What’s your love and relationship problem?
Ask Meredith at Love Letters. Yes, it’s anonymous.
Dear Meredith,
I was inspired to write to Love Letters after listening to the podcast. The long and short of it is: My boyfriend and I recently broke up. For the third time. He is English, going to medical school in England. I live in the US, doing research here. We fell in love while getting degrees abroad. Then he lived with me here for a few years. Eventually he had to go back to England, and so the began the international long-distance. For a long while, we had it down – the time difference, the sexting, booking flights, taking time off of work, letters, long phone calls, etc. Things went sour when he got into his dream school, and I did not get the scholarship I would need to be able to get my next degree near him.
The challenges were real. He was busy, I was depressed. His future was full of promise but my path forward was falling away before my eyes. We fought often, mostly due to the angst of separation, but also due to the fact that we were suddenly in two very different places in our lives, literally and figuratively. We loved each other still, and every time we were together it was undeniable. This was how I learned that there are situations when love is not enough. Love could not help me with the practicalities of becoming an international student. Love could not pay off my student loans.
I still believe that if we were in the same place, both moving forward in our lives, we would be together. While he was no angel in the end, I can’t help but feel like my failures broke us.
I’m hoping you have advice for those who deal with long-distance break ups (which have a horrible quality of feeling like that person is still everywhere, somehow); and particularly breakups where two people are still in love, but when love is not enough to keep you together. I cannot imagine moving on, and have no desire to. Where do I go from here?
– Not enough
Unfortunately, I have no magic fix for this. Breakups are miserable, and that’s just how it is.
Yours is unique; the end of a long-distance relationship does involve a special kind of pain. But the aftermath is about universal grief. You’ll feel like the person is everywhere, and you’ll need lots of time.

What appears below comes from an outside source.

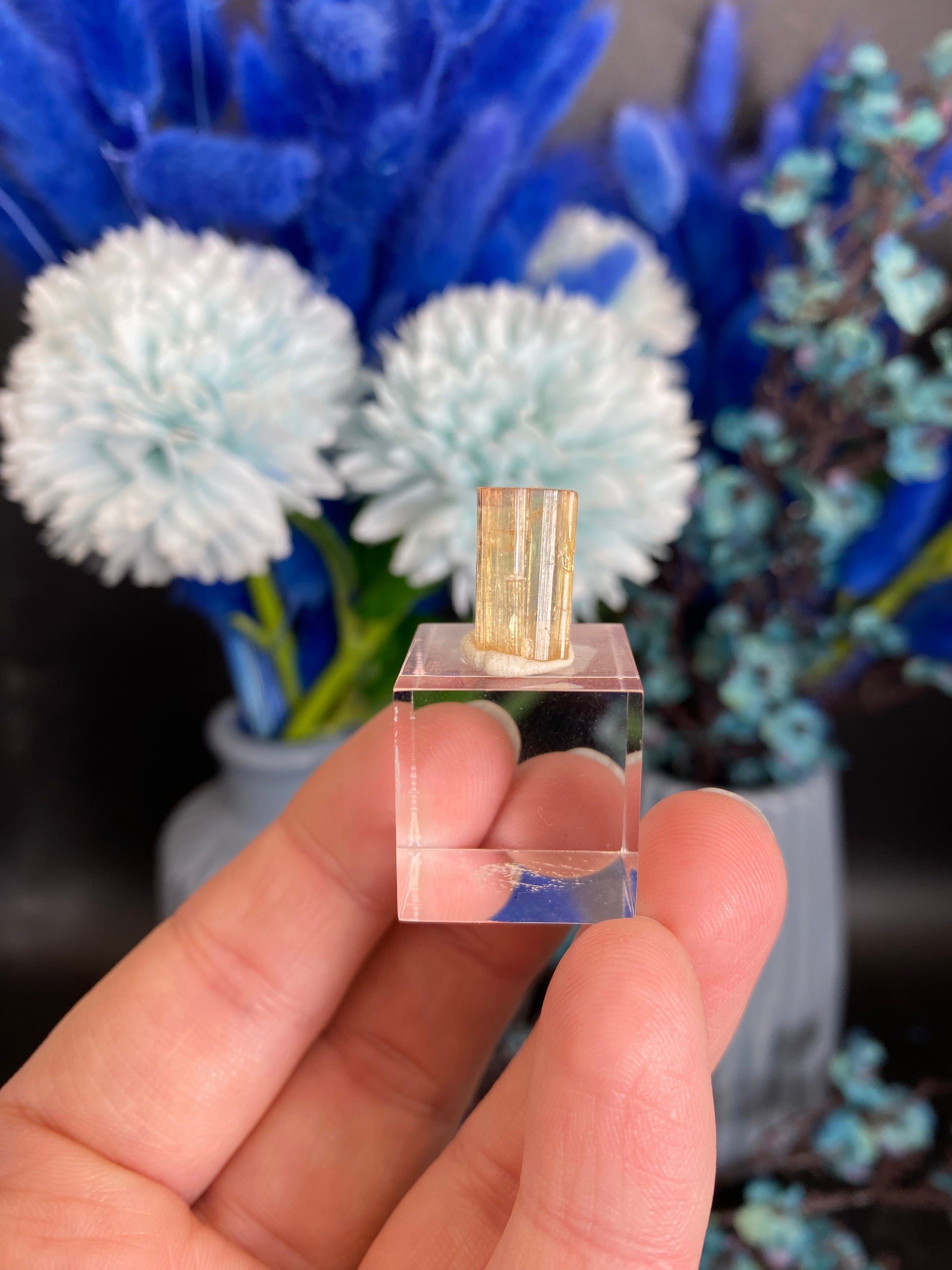 Beschädigung anderer Materialien: Manche Minerale sind härter als beispielsweise Glas und können Oberflächen zerkratzen. Bitte informieren Sie sich über die Minerale und Möbel, auf die Sie sie stellen wollen.

My advice is to remember that every difficult breakup involves “if onlys.” If only you’d been able to move. If only you were living there now. That might make you feel like the end of the relationship is your fault, but that’s not the case. Sometimes long-distance relationships work because circumstances eventually fall into place, but usually it’s about people making big sacrifices. There were probably dozens of moments when you both decided to prioritize your own professional or social lives, even if it meant maintaining distance. That’s OK, but it’s on both of you. You broke up three times. This isn’t about one scholarship.
You have no desire to move on, and that’s fine – for now. You can be bummed out, watch TV, and call friends to share your woes. But when you get bored of that, try to do some daydreaming about what might come next.
– Meredith
Readers? Are long-distance breakups worse than others?
Maybe it’s time for you to skip getting the remaining degrees and move to the UK and make the relationship a priority.